Lloydtown is a hamlet located in King Township, Ontario, Canada. It is often associated with the surrounding and larger Schomberg, though it has its own unique characteristics and heritage.

==History==
The Lloydtown Rebellion of 1837 was part of the Upper Canada Rebellion. During the 1830s, Lloydtown was well known as a site for reform sympathisers, and regular meetings were hosted by Jesse Lloyd. On November 24, 1837, a final meeting to review plans was held between Lloyd and William Lyon Mackenzie. Hoping to take advantage of the departure of troops to Lower Canada in response to the Lower Canada Rebellion, Mackenzie had planned to seize a government arms cache in York on December 7.

==Climate==
Lloydtown has a continental climate moderated by the Great Lakes and influenced by warm, moist air masses from the south, and cold, dry air from the north. The Oak Ridges Moraine affects levels of precipitation: as an air mass arrives from Lake Ontario and reaches the elevated ground surface of the moraine, it rises causing precipitation.

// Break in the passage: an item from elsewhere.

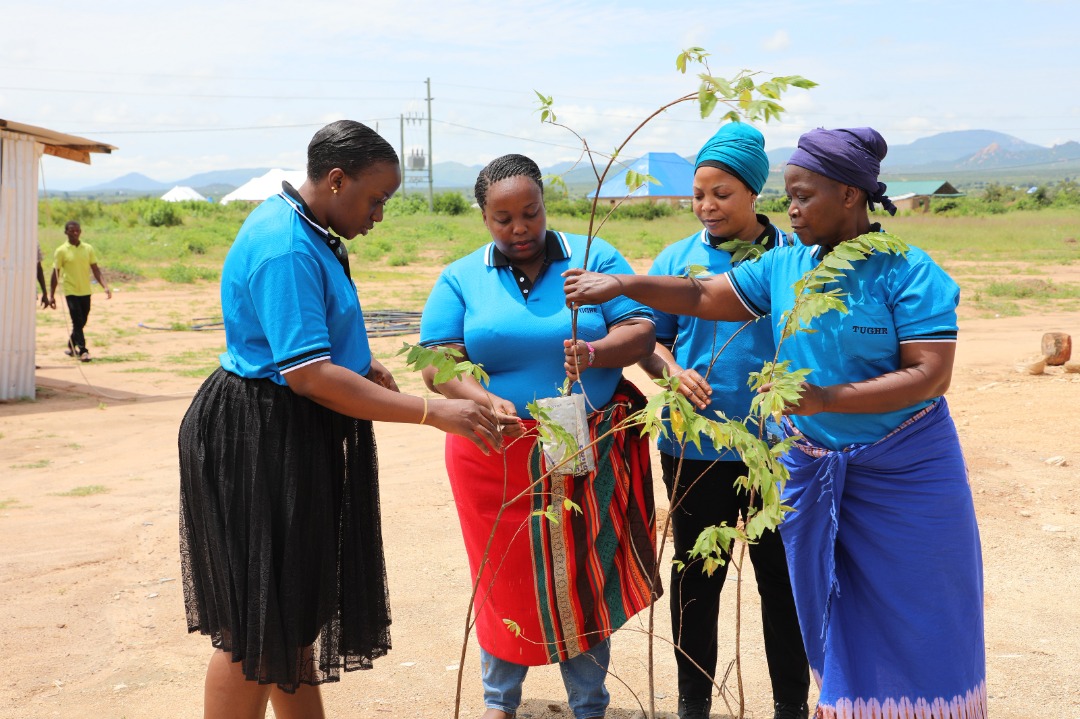 Mkurugenzi Msaidizi wa Rasilimali Watu wa Wizara ya Fedha na Mipango, Bi. Gisela Mugumira (kushoto) na Mwenyekiti wa Kamati ya Wanawake wa Chama cha Wafanyakazi wa Serikali Kuu na Afya (TUGHE) Tawi la Wizara ya Fedha na Mipango, Bi. Agatha Madalle (kulia) wakijadiliana jambo na baadhi ya wajumbe wa TUGHE wakati wa zoezi la upandaji miti katika ofisi za Makao Makuu ya Wizara hiyo, Mtumba jijini Dodoma kwa ajili ya kutunza mazingira ikiwa ni maandalizi ya kusherehekea Maadhimisho ya Siku ya Wanawake duniani.

Climate data for Lloydtown
| Month | Jan | Feb | Mar | Apr | May | Jun | Jul | Aug | Sep | Oct | Nov | Dec | Year |
| Record high °C (°F) | 13.0 (55.4) | 14.5 (58.1) | 24.0 (75.2) | 30.0 (86.0) | 32.5 (90.5) | 35.5 (95.9) | 36.0 (96.8) | 35.6 (96.1) | 33.0 (91.4) | 27.0 (80.6) | 24.0 (75.2) | 20.0 (68.0) | 36.0 (96.8) |
| Mean daily maximum °C (°F) | −3.4 (25.9) | −2.3 (27.9) | 3.1 (37.6) | 11.0 (51.8) | 18.5 (65.3) | 23.6 (74.5) | 26.3 (79.3) | 25.1 (77.2) | 20.1 (68.2) | 13.1 (55.6) | 6.0 (42.8) | −0.4 (31.3) | 11.7 (53.1) |
| Mean daily minimum °C (°F) | −11.4 (11.5) | −10.6 (12.9) | −5.5 (22.1) | 1.2 (34.2) | 6.4 (43.5) | 11.3 (52.3) | 13.9 (57.0) | 13.0 (55.4) | 9.0 (48.2) | 3.6 (38.5) | −1.0 (30.2) | −7.2 (19.0) | 1.9 (35.4) |
| Record low °C (°F) | −36.0 (−32.8) | −33.0 (−27.4) | −29.0 (−20.2) | −14.0 (6.8) | −4.0 (24.8) | −2.0 (28.4) | 2.5 (36.5) | 0.5 (32.9) | −6.5 (20.3) | −8.9 (16.0) | −22.0 (−7.6) | −31.5 (−24.7) | −36.0 (−32.8) |
| Average precipitation mm (inches) | 53.9 (2.12) | 44.4 (1.75) | 55.0 (2.17) | 62.8 (2.47) | 72.0 (2.83) | 75.1 (2.96) | 87.8 (3.46) | 88.6 (3.49) | 83.3 (3.28) | 68.3 (2.69) | 57.3 (2.26) | 25.4 (1.00) | 690.9 (27.20) |
Source: Environment Canada

==Notable people==
- Alfred M. Cook, American politician and farmer, was born in Lloydtown.